**BRIEF:**
Without the pictures, set down everything in the listing exactly.

**DATA:**
--------------------------------

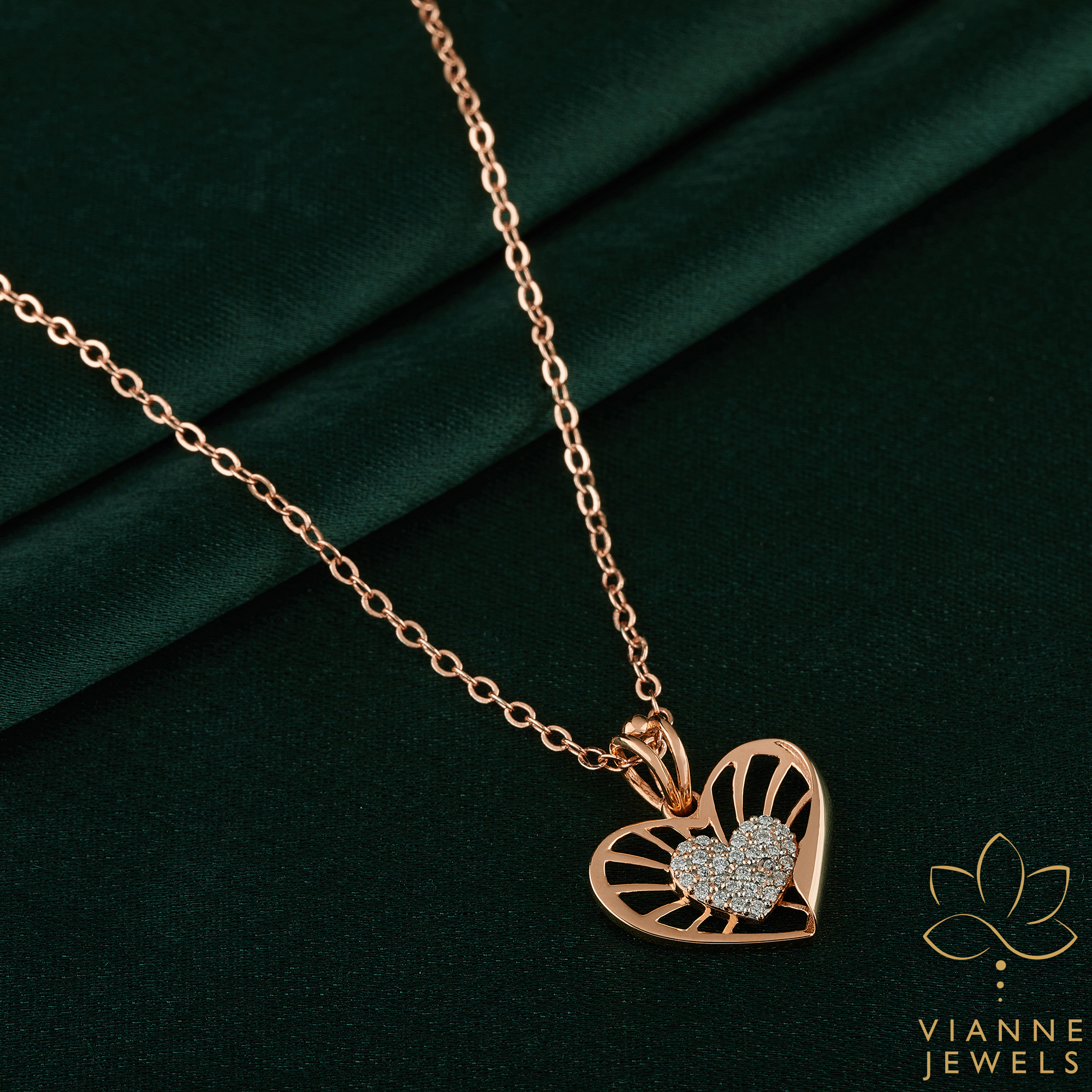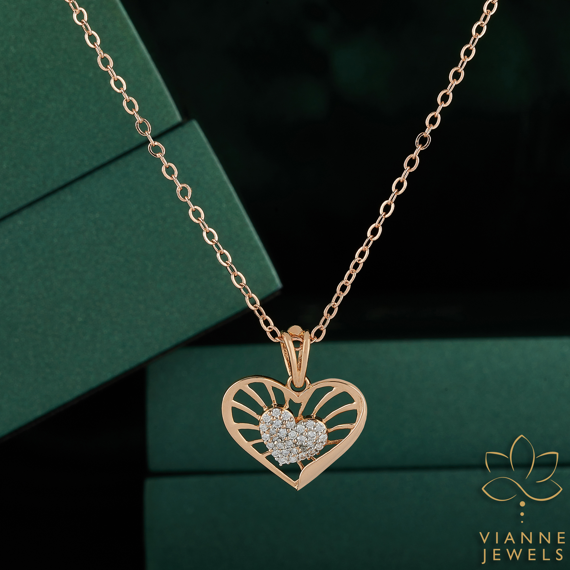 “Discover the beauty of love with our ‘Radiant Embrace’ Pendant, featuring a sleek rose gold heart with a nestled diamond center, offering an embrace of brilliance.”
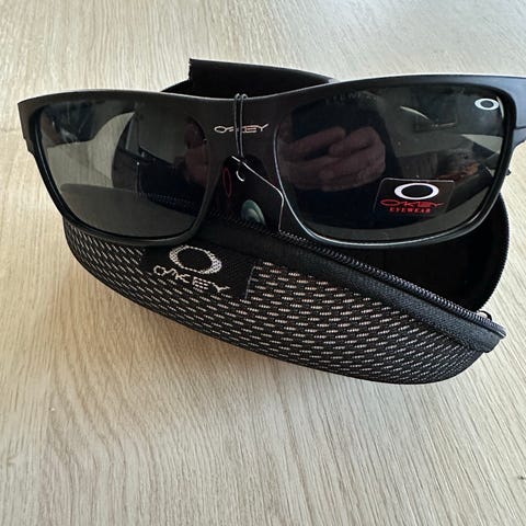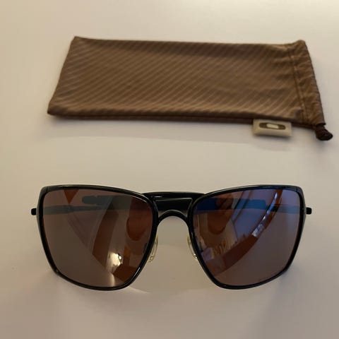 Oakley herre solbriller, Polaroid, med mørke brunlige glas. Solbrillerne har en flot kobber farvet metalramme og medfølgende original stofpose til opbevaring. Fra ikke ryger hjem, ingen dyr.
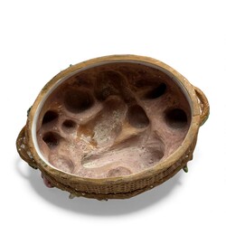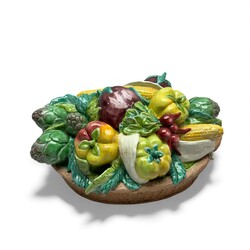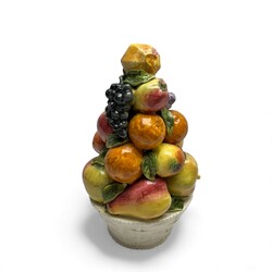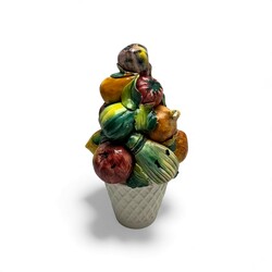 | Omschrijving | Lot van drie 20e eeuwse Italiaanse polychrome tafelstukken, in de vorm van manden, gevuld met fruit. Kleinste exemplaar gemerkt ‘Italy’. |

--------------------------------

**SOLUTION:**
 “Discover the beauty of love with our ‘Radiant Embrace’ Pendant, featuring a sleek rose gold heart with a nestled diamond center, offering an embrace of brilliance.”
 Oakley herre solbriller, Polaroid, med mørke brunlige glas. Solbrillerne har en flot kobber farvet metalramme og medfølgende original stofpose til opbevaring. Fra ikke ryger hjem, ingen dyr.
 | Omschrijving | Lot van drie 20e eeuwse Italiaanse polychrome tafelstukken, in de vorm van manden, gevuld met fruit. Kleinste exemplaar gemerkt ‘Italy’. |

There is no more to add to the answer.